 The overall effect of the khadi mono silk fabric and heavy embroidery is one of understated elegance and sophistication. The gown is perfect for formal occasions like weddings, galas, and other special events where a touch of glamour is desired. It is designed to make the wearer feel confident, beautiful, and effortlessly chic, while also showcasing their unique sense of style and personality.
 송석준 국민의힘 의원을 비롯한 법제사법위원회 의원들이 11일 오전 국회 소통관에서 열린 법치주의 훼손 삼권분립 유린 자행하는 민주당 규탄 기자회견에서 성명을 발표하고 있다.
▬▬▬▬▬▬
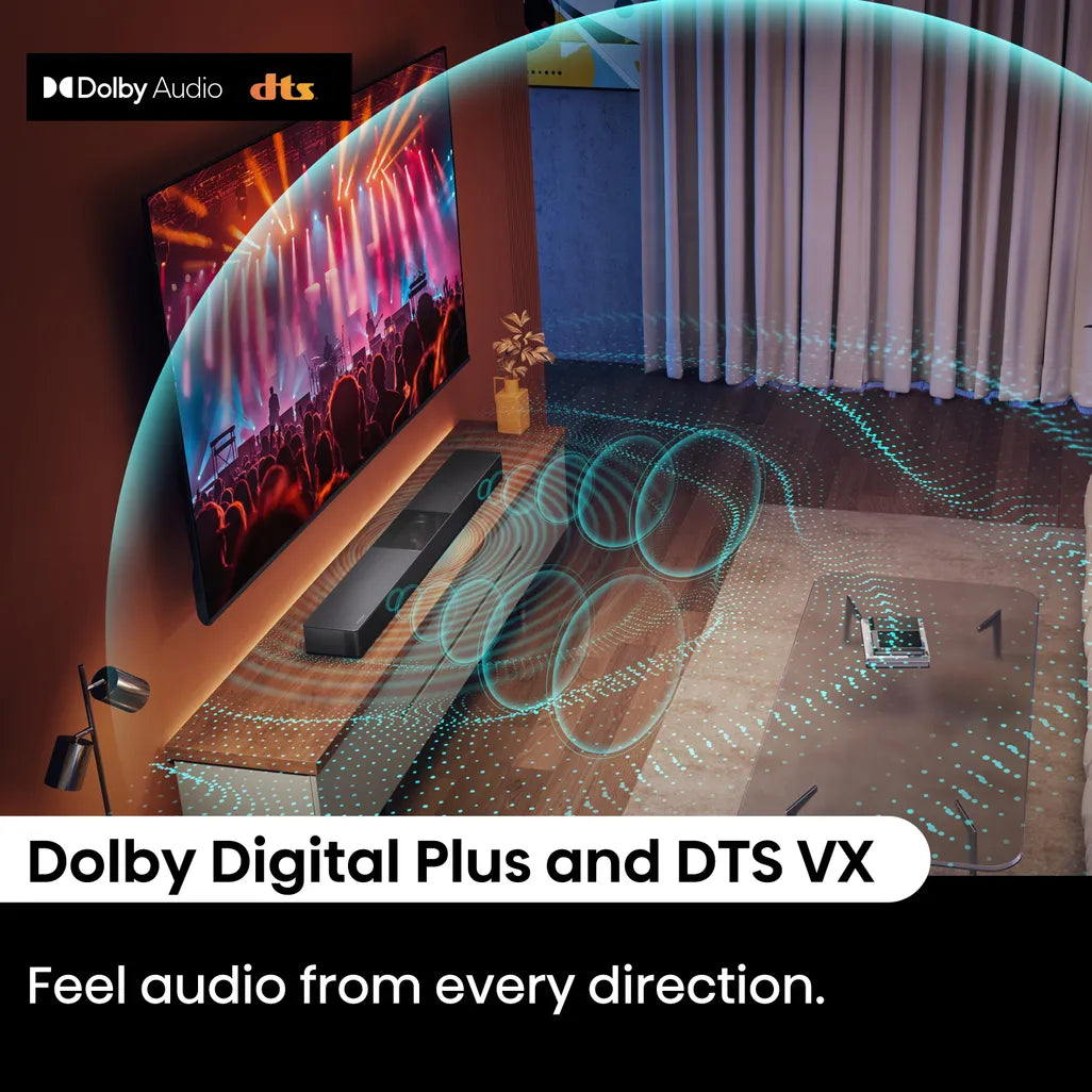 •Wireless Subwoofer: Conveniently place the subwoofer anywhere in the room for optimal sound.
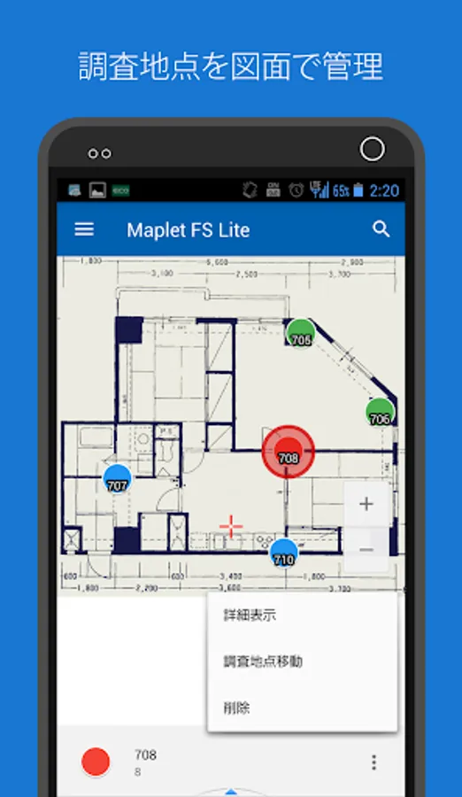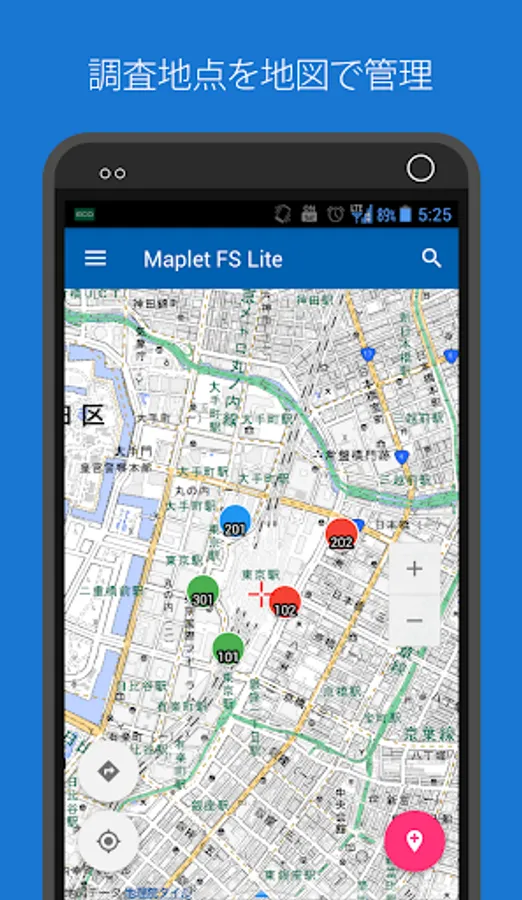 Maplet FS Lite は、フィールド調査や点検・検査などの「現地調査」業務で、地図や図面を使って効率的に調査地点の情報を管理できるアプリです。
▬▬▬▬▬▬
▶ [BRIEF]
Looking at the entries above, can you reproduce exactly the lines from the one that holds "The overall effect" through the one that holds "송석준 국민의힘 의원을", and only those?

▶ [PROBLEM SOLUTION]
 The overall effect of the khadi mono silk fabric and heavy embroidery is one of understated elegance and sophistication. The gown is perfect for formal occasions like weddings, galas, and other special events where a touch of glamour is desired. It is designed to make the wearer feel confident, beautiful, and effortlessly chic, while also showcasing their unique sense of style and personality.
 송석준 국민의힘 의원을 비롯한 법제사법위원회 의원들이 11일 오전 국회 소통관에서 열린 법치주의 훼손 삼권분립 유린 자행하는 민주당 규탄 기자회견에서 성명을 발표하고 있다.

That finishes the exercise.